Jakarta, MI - Direktur Eksekutif Sentral Politika Subiran Paridamos, menyoroti aksi demonstrasi tahunan para Buruh Indonesia pada Hari Buruh Internasional yang jatuh setiap 1 Mei. 

Menurutnya ada beberapa permasalahan pokok yang tak pernah selesai di setiap pemerintahan dari masa ke masa, termasuk pemerintahan yang akan terbentuk dari hasil Pemilihan Presiden (Pilpres) 2024.

"Problem buruh sejak Republik ini berdiri, dan sudah 8 Presiden berganti masih sama yakni soal upah, durasi kerja, outsourcing, kesejahteraan, keselamatan kerja, hingga akses jaminan sosial," kata Biran sapaan akrabnya kepada Monitorindonesia.com Rabu (1/5/2024). 

Biran menilai, setiap peringatan Hari Buruh Internasional hanya sekadar seremoni yang tak pernah terealisasi dalam setiap tuntutan para Buruh. 

Selain itu, peringatan yang dikenal dengan "May Day" ini juga tak berdampak positif yang berarti bagi kemaslahatan para Buruh. 

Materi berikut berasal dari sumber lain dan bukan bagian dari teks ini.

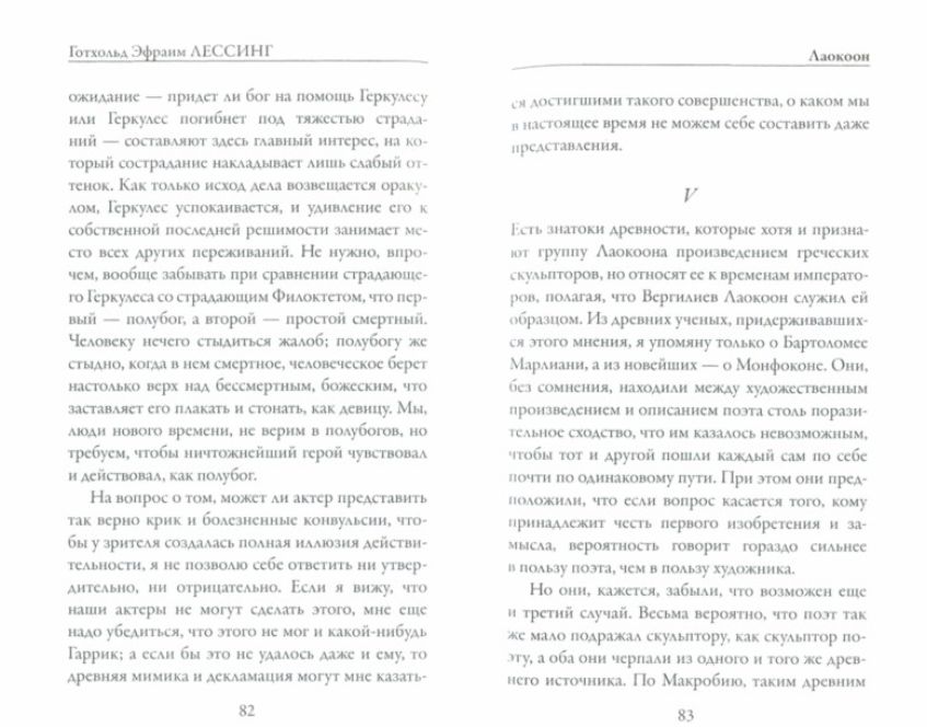 В своем важнейшем произведении Лессинг сравнивает два вида искусства – живопись и поэзию – на основе одного образа, Лаокоона. С одной стороны, Лессинг рассматривает скульптуру греческого жреца, описанную Якопо Садолето, и с другой – образ, выведенный Вергилием в Энеиде. Сопоставляя два воплощения одного образа, великий эстетик выводит возможности и границы каждого из искусств.

"Artinya May Day semacam ritual tahunan yang minim realisasi tuntutan. Padahal Asosiasi buruh cukup memiliki kekuatan sebagai kelompok penekan kebijakan pemerintah," ujarnya. 

Padahal kata Biran, secara politik para Buruh Indonesia memiliki Partai Buruh yang semestinya hak-hak yang menyangkut kesejahteraan mereka dapat terjamin. 

"Tetapi sampai saat ini faktanya nasib buruh masih sama, yakni memperjuangkan hak-hak yang seharusnya diberikan oleh perusahaan dan wajib dilindungi oleh negara," tukas Biran. 

"Itu belum berbicara tentang kualitas tenaga kerja kita, Sumber Daya Manusia, kesetaraan gender, dan lain-lain, problem buruh masih terus menggunung dari tahun ketahun," sambungnya. 

Bahkan yang lebih mengenaskan kata Biran, demi menghindari hidup menganggur banyak dari para Buruh Indonesia yang rela bekerja meski harus dibayar dengan upah yang sangat rendah. 

"Yang paling krusial adalah buruh terpaksa bekerja demi upah yang tidak seberapa ketimbang hidup menganggur dan jadi beban sosial masyarakat dan negara," demikian penulis buku Negara Katanya itu.